4) Schizophrenia I Flashcards
Schizophrenia (definition)
= a serious debilitating mental disorder (‘psychosis’) that manifests itself during early adulthood
- frequency (~1%), core symptoms and course are quite uniform across all cultures (= physiological basis)
- life expectancy 12-15 yrs <. average
- high rates of suicide
- high co-morbidity
- high health costs
History of Schizophrenia
Emil Kraeplin - 1887
- realised that there was a different group of patients in psychiatric care with psychosis
- named it ‘dementia praecox’ –> premature aging or dementia
- characterised by rapid cognitive decline in the late teens to early adulthood
- Kraeplinian dichotomy = separation between manic-depressive psychosis (bipolar disorder) and dementia praecox (Schizophrenia)
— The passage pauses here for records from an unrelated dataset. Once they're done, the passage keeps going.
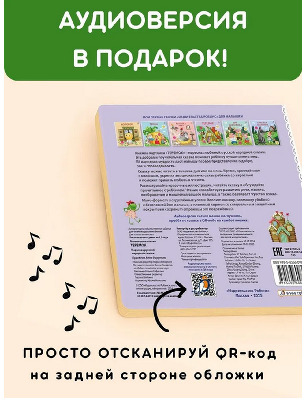 Книжка-картонка «ТЕРЕМОК» – пересказ любимой русской народной сказки. Эта добрая и поучительная сказка поможет ребёнку лучше понять мир. Её народная мудрость даст малышу первое представление о добре, зле и справедливости.
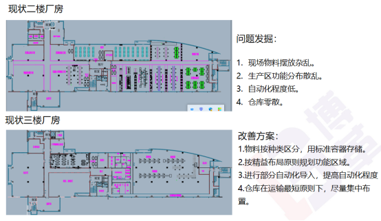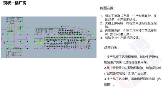 根據(jù)現(xiàn)狀調(diào)查和分析,博革咨詢認為,先合理規(guī)劃各樓層功能,再打造連續(xù)流的生產(chǎn)方式,降低成本金額,核心工作是要縮短生產(chǎn)周期、降低中間WIP,提高生產(chǎn)效率,改善現(xiàn)場環(huán)境。
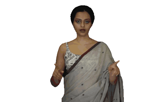 Sujata and Taniya from Suta Bombay dancing joyfully in a beautiful gray saree, expressing love and happiness.
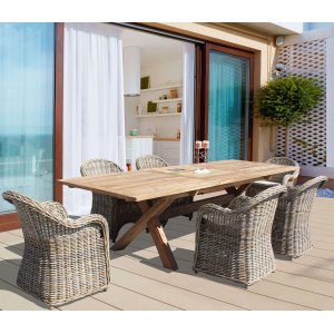 Il Tavolo da Giardino Rettangolare Allungabile in Teak 220/300×100 – KORONIS rappresenta una scelta raffinata e funzionale per arredare con eleganza gli spazi esterni. Realizzato interamente in teak, uno dei materiali più pregiati e resistenti per l’arredo outdoor, questo tavolo da giardino unisce robustezza naturale e un’estetica calda e accogliente. Il colore marrone del legno, con le sue sfumature autentiche, valorizza ulteriormente il design lineare e contemporaneo, enfatizzato dalla struttura a gambe incrociate che dona personalità e stabilità. Il sistema di allungamento centrale a libro permette di passare agilmente da 220 a 300 cm di lunghezza, garantendo grande versatilità e ospitalità per pranzi e cene all’aperto con numerosi invitati. Il Tavolo da Giardino Rettangolare Allungabile in Teak KORONIS esprime al meglio il suo valore in ambienti esterni come terrazze, verande o giardini, regalando un’atmosfera conviviale, naturale ed elegante in ogni occasione.
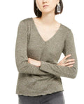 INC International Concepts Women Shiny Knit Top Olive Green V-Neck Long Sleeve L
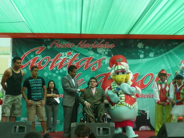 Más de 1500 niños con discapacidad de Lima y Callao, acudieron al Congreso de la República por invitación de Segundo Vicepresidente del Congreso, Ing. Michael Urtecho Medina para participar en la Chocolatada Navideña “GOTITAS DE AMOR”, que ofreció en la Plaza José Faustino Sánchez Carrión, a la que también se sumaron los futbolistas Piero Alva, Duber Zapata, Jorge Araujo entre otros, con el objetivo de compartir la alegría de la navidad. 17 de diciembre del 2009. |
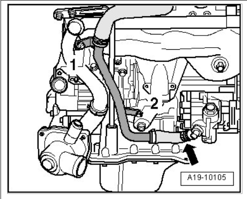 Loosen hose clamps - arrows - and remove right coolant pipe from coolant hoses.
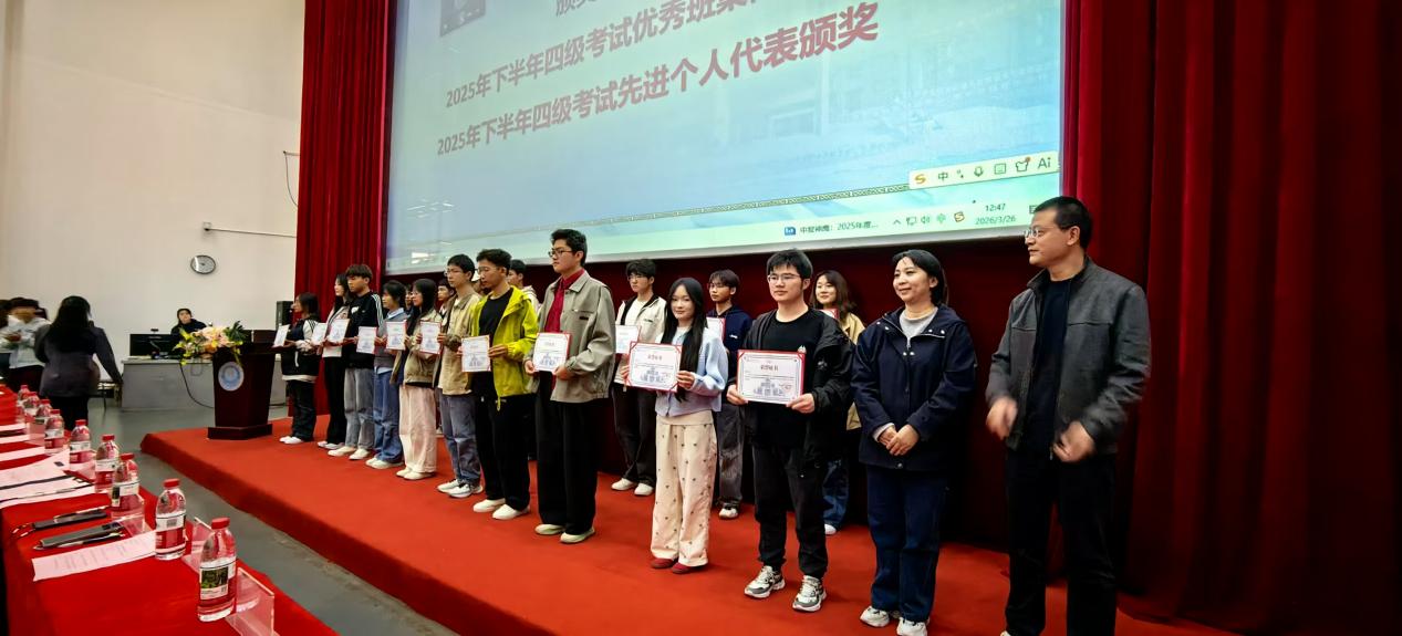 会议伊始,城市学院副院长张超宣读《城市学院关于表彰2025年下半年大学英语四级考试优秀班集体及学风提升先进个人的决定》,对在四级考试中表现突出的19个优秀班集体、18名学风提升先进个人予以表彰。与会领导和老师为学风提升先进集体和个人颁奖。这份表彰既是对同学们勤学善思、奋勇争先的充分肯定,更是对全体学子以先进为标杆、以榜样为力量,潜心向学、奋勇争先的殷切激励。

- core feature: cognitive decline –> dire diagnosis
Eugen Bleuler - 1908
- introduced term ‘Schizophrenia’: split personality –> disorder of dissociation
- not as dire as Kraeplin’s description
- Schizophrenia as a biological process, dementia was a secondary symptom
- separation among personality, cognition, memory and perception
- core feature: negative symptoms
Kurt Schneider -1920s
- criteria for schizophrenia–> groundwork for DSM and ICD diagnosis
First ranked symptoms:
- auditory hallucinations
- passivity experiences (external forces controlling the body)
- thought withdrawal
- thought insertion
- thought broadcasting
- delusional percpetion
Core feature: psychosis
Diagnosis of Schizophrenia (DSM-5)
- at least 2 symptoms (one at least from category 1-3) for at least 1 month
- attenuated symptoms at least 6 months
> otherwise could be drug-induced psychosis/other mental disorder
> sometimes even healthy population shows sign of psychosis (only shortly)
Positive symptoms
1) delusions
2) hallucinations
Cognitive symptoms
3) disorganised speech (eg frequent derailment/incoherence)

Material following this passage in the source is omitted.